The drumming for a longer school day in Chicago Public Schools grew in volume yesterday with City Council joining Mayor Emanuel and CPS CEO Jean-Claude Brizard in calling for extending the length of classroom time. With many of the aldermen in the Council backed by organized labor, the stand against the Chicago Teachers Union on the subject of a longer school day is seen by some as more than a token gesture intended to curry favor with the mayor.

14th Ward Ald. Ed Burke, one of organized labor's staunchest allies, said he's finding it harder to back CTU and their opposition to a longer school day.

"I’m starting to get embarrassed at the attitude of some leaders of organized labor,” Burke said.

“... The union is not trying to figure out a way to get this accomplished. They seem to be obstructing the end goal that so many people agree needs to happen.”

Ald. Walter Burnett (27th) said extending the school day by 90 minutes isn't enough and called for an even longer day to allow working parents to pick up their children without having to leave their jobs early.

The teachers union responded to City Council's move by formally filing a complaint with the Illinois Education Labor Relations Board, charging the four schools who waived their CPS contracts in exchange for a 2 percent pay raise and 90 more minutes of classroom time amounts to tampering. CTU President Karen Lewis said Emanuel's actions were a "declaration of war."

"This is an attempt to take down and make irrelevant the Chicago Teachers Union because if the CTU goes, they can roll over every union in the city.’’
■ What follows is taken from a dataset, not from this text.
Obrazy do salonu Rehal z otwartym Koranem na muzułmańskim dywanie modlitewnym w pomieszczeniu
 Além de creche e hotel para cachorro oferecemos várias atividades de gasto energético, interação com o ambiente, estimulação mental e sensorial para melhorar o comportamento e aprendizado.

The complaint calls for canceling the waivers of the contracts at STEM Magnet and Skinner North (Burke has four grandchildren attending Skinner) on the grounds non-CTU members were allowed to vote in "sham elections." A press release from the union sent out after City Council's statements repeated CTU's position they're in favor of a longer school day, but not solely for the sake of having one.
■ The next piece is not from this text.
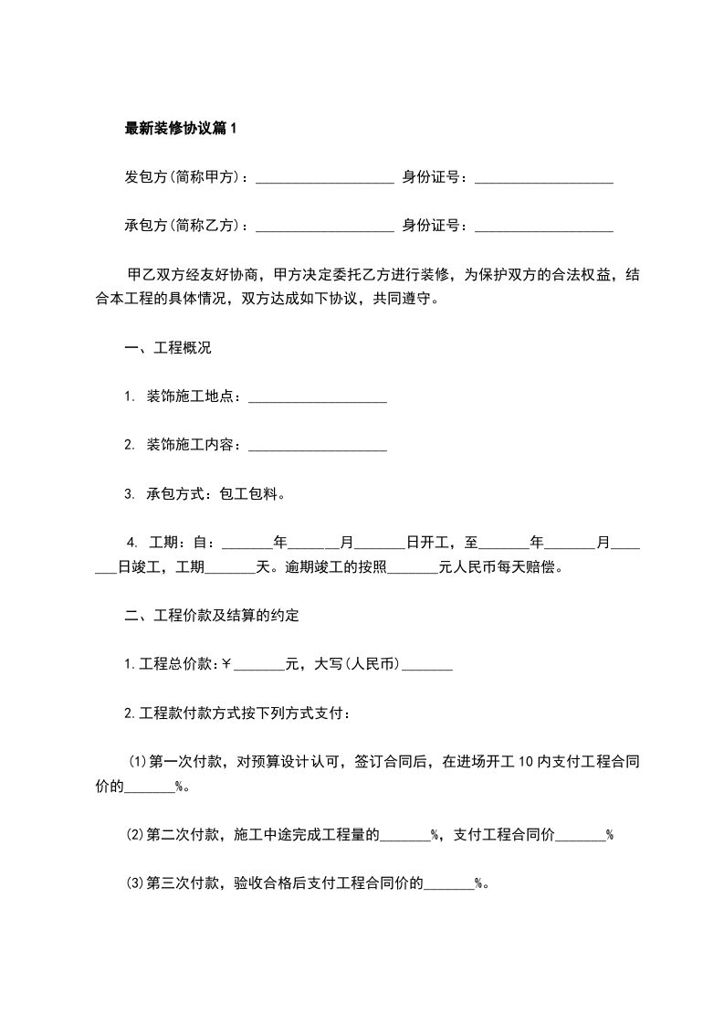 五、装修价款:________________装修总价款人民币______元。总价款包含设计费、材料款、人工费、施工清运费、装卸费、税费等全部费用。

“The Chicago Teachers Union supports a longer school day if it’s also a better school day. Our concern is about quality not quantity. We do not want our teachers and paraprofessionals coerced and bullied into signing away their contractual rights in order to get the resources they sorely need,” the statement continued.

“The longer school day campaign is nothing more than a political gimmick based on lies, misinformation and half-truths,” the statement said.

The piling on CTU didn't stop with City Council. Education Secretary Arne Duncan, a former CPS CEO, said the school system deserves a "badge of shame" for having such a short school day and expressed his wishes for extending it when he was in charge. Duncan said he couldn't because the system "couldn't afford it" during his time as CEO.

CTU has been asking all along how CPS can move to extend the school day and give the teachers who break the contract with the school system raises if they can't afford their negotiated pay raises.